There is a fantastic moment where Heaven is warning Robert about Melrose, “The man she’s with..you know him…I know him…he’s evil.  She doesn’t know it, yet, but he is.  He’s a devil” As she is speaking the camera focuses on Melrose looking decidedly evil indeed.  It is a really well executed scene and I just love the way it looks.

Jennifer leaves him.

Realizing it is all over.

Anyway, the tapes are sound recordings of Melrose molesting his patients during  hypnotherapy sessions.  Phone calls weren’t the only things he recorded.  We find out what happened to Heaven during that last therapy session and why he has a bandage on his cheek.  When Heaven, who is transgender, dared him to find out what was in her underwear he attacked her and tried to assault her.  She whacked him on the face with his telephone, knocking him out.  It is a brutal scene.
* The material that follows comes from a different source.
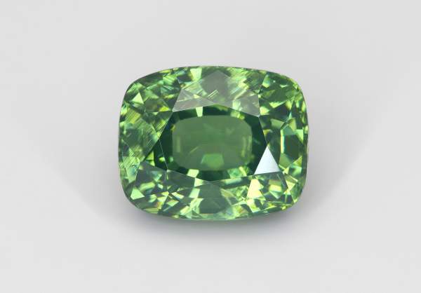 Vzácný přírodní zelený polštářkový broušený zirkon 8,50 karátů, Tanzanie

"I really need you to get me those tapes"

“I really need you to get me those tapes”

Jennifer is done with Melrose for good but, he enters her home demanding she give him the tapes.  He threatens to hurt her badly, but she smacks him on the face.  He then breaks down and starts crying, “I’m finished…please?”  She tells him to get out, he looks furious for a brief moment, but then leaves.
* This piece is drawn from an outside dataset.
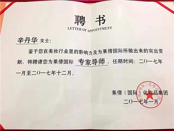 彩妆秀辛丹华老师继续签约莱倩国际担任2017年度专家导师,担任莱倩国际唯魅秀能量红形象代言人,
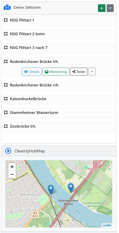 Weiter unten findest du die CleanUpHub-Community-Map. Hier kannst du sowohl deine eigenen Sektoren als auch die der anderen anzeigen lassen.

Closes his eyes and crashes...

Closes his eyes and …

Finally, we see him driving his car and he looks relaxed.  He hits the accelerator and closes his eyes and then crashes.  It is a hideous scene with lots of blood.  It seems he just gave up in the end.  A rather ignominious ending but fitting.

 

Wrap-Up

The chandelier and ceiling give it a dizzying effect.

Melrose looking scary.  The chandelier and ceiling give it a dizzying effect.

I like the way Heaven’s premonitions develop into facts and the blending of timelines is very well done.  The title character Heaven is excellent and very likable.  Karl Urban, who I didn’t mention above, plays a character called Sweeper.  He cares for Heaven deeply, and he is really good.  I also like Robert Marling.  I can’t say I “like” Dr. Melrose, but Patrick Malahide did an excellent job portraying him as a completely unsympathetic wretched man.   He starts out smooth and sly but ends up a complete wreck.

However it is not a perfect film.  The language was just too much, in my opinion, particularly from Stanner who is a bigger villain than Melrose.  Every other word out of Stanner’s mouth was an expletive and it didn’t feel natural to me at all.  I don’t think I’m overly prudish about such things, but Stanner was a weak point for me which is bad because he had a huge role.  It is also very violent.  While the violence is understandable in the context of the film it was still jarring.

Points out their children are always the last to leave.

Pretty much his most gentle moment in the whole film.

Personally, I prefer Mr. Malahide’s more gentle films such as A Month in the Country and  A Man of No Importance.  But, it was interesting to see him in a challenging and different film like Heaven.